Interesting is another. The appearance of AI does not detract from the work of chess players-people. On the contrary. Inexpensive and smart chess programs inspire people to play chess, new tournaments appear, players play better and better. Today the grandmasters are twice as many as they were when Deep Blue defeated Kasparov. The most ranked chess player of the day, Magnus Carlsen, trained with artificial intelligence and was recognized as the most "computer" of all chess players. He also has the highest rating among grandmasters of all time.

If AI can help people become good chess players, obviously, it can help us become the best pilots, doctors, judges, teachers. Most of the commercial work done by AI will be niche, narrowly focused, like translating from one language to another, but this is only the beginning. For example, AI can drive a car. In the next 10 years, 99% of the artificial intelligence with which we will interact will be autistic, but supramental experts.

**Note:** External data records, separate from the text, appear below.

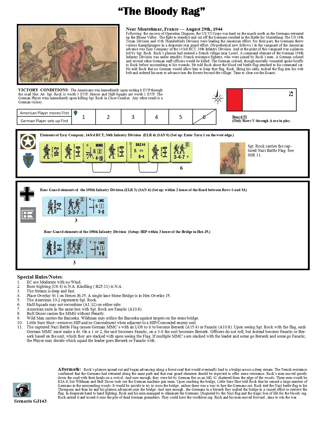 llowing the success of Operation Dragoon, the US VI Corps was hard on the march north as the Germans retreated up the Rhone Valley. The fight to interdict and cut off the Germans resulted in the Battle for Montelimar.The US 36th Texan Division and 45th Thunderbirds Division were leading the American effort. For their part, the Germans threw various Kampfgruppes in a desperate rear guard effort. (Hypothetical now follows.) In the vanguard of the American advance was Easy Company of the 143rd RCT, 36th Infantry Division. And at the point of this vanguard was a platoon led by Sgt. Rock. Rock’s platoon had entered a French village near Loriol. A command element of the German 198th Infantry Division was under attackby French resistance fighters, who were joined by Rock’s men. A German colonel and several other German staff officers would be killed. The German colonel, though mortally wounded spoke briefly to Rock before succumbing to his wounds. He told Rock about the blood red battle flag attached to his command car. He told Rock that no German would allow him to keep that flag. Rock, liking his odds, tucked the flag into his web belt and ordered his men to advance into the forests beyond the village. Time to clear out the Krauts.Attacker: American (Easy Company, 143rd RCT, 36th Infantry Division)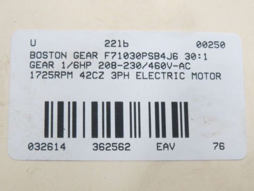 BOSTON GEAR F71030PSBG6 30:1 1/6HP 230/460VAC 1725RPM 42CZ GEAR MOTOR B362511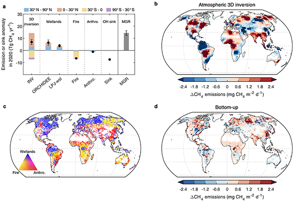 彭书时研究团队与多所国内外研究机构合作,基于大气甲烷浓度观测、能源和农业清查数据、气象和遥感等多源数据,利用湿地过程模型、大气化学传输模型和大气反演模型,结合“自下而上”和“自上而下”的温室气体源汇评估方法,探究了2020年大气甲烷浓度飙升之谜。 研究发现,相比于2019年,2020年人为甲烷排放减少了1.2百万吨,火灾甲烷排放减少了6.5百万吨。2020年更暖更湿的气候使得湿地甲烷排放增加了2.5 – 9.4百万吨,主要源自高纬度湿地和北半球热带湿地。然而,湿地排放增加量的最大值(9.4 百万吨)仍不足以解释2020年大气甲烷浓度的飙升,暗示着甲烷大气汇在2020年可能减少。 大气甲烷主要通过与大气对流层中的OH自由基反应来移除。OH自由基寿命极短,难以直接测量,是研究大气甲烷汇变化最为棘手的难题。研究发现,由于2020年新冠疫情人为排放的氮氧化物减少,由大气化学传输模型模拟得到的对流层OH自由基浓度平均减小了1.6%,这与另一种基于大气中三种氟化气体浓度反演得到的OH自由基的变化相吻合。2020年大气OH自由基浓度降低导致了大气甲烷汇减少了7.5百万吨。 研究进一步发现,由“自上而下”评估方法得出的甲烷排放变化空间格局与“自下而上”的结果相一致,佐证了自然排放增加由湿地排放增加主导。因此,2020年大气甲烷浓度增长加速一半归因于由湿地主导的自然排放增加,另一半归因于对流层OH自由基浓度的降低。 该研究为理解全球的甲烷收支提供了新见解,揭示了湿地甲烷排放对实现全球温控目标不可忽略,并认识到未来甲烷减排计划需要同时考虑氮氧化物等人为污染物排放趋势变化所导致的大气甲烷寿命变化,为《巴黎协定》的温升目标实现和全球甲烷减排承诺提供了科学依据。 图2 2020年大气甲烷浓度飙升的归因。相比于2019年,a, 2020年大气甲烷浓度增长加速的归因;b,基于“自上而下”大气反演方法估算的甲烷排放变化的空间格局;c,2020年甲烷排放变化主导源的空间格局;d,“自下而上“方法估算的甲烷排放变化的空间格局。 研究成果以“湿地排放和大气汇的变化解释了2020年大气甲烷浓度增加(Wetland emission and atmospheric sink changes explain methane growth in 2020)”为题,于2022年12月15日发表在《自然》(Nature)上,杏吧原创

In fact, it will not be the kind of intelligence that we are used to. Intellect implies responsibility, plus by intellect we mean our peculiar self-awareness, our desperate depths of introspection and self-discovery. But in the case of artificial intelligence, we want him to drive the car in silence and not be distracted. Artificial doctor Watson in the hospital should be a fan of his work. As the AI ​​develops, we may, in every possible way, hamper the development of self-awareness in it - the most expensive AI services will be deprived of consciousness at all.

In short, we need not an intellect, but artificial brains. Unlike the general intellect, the mind is quite concrete, measurable, special. Nonhuman intellect is not a mistake, it is a feature. The main advantage of AI will be its extraterrestrial intelligence. AI will not think about food like an ordinary cook, allowing us to look at food in a new way. He will think differently about production. About clothes. About finances. About science and art. The alienation of artificial intelligence will become more valuable to us than its speed or power.

First of all, this will help us better understand what we mean by saying "intellect". In the past, we could say that the superintelligence should drive a car, defeat a person in chess or win in "Jeopardy!". But as soon as the AI ​​achieves this, we will understand that these achievements are purely mechanical and hardly worth the candle. Every success of artificial intelligence makes us reconsider the very concept.

We do not just have to reconsider the meaning of AI - we need to reconsider the concept of man as such. Over the past 60 years, as the mechanisms have reproduced human behavior and talents that we considered unique to people, we need to think about what sets us apart from each other. Perhaps in the next decade we will experience an identity crisis, constantly asking ourselves what people need. Against this background, the almighty artificial intelligence will only oppress. The greatest benefit that artificial intelligence can bring is to help humanity in self-determination. In short, AI needs us to say who we are.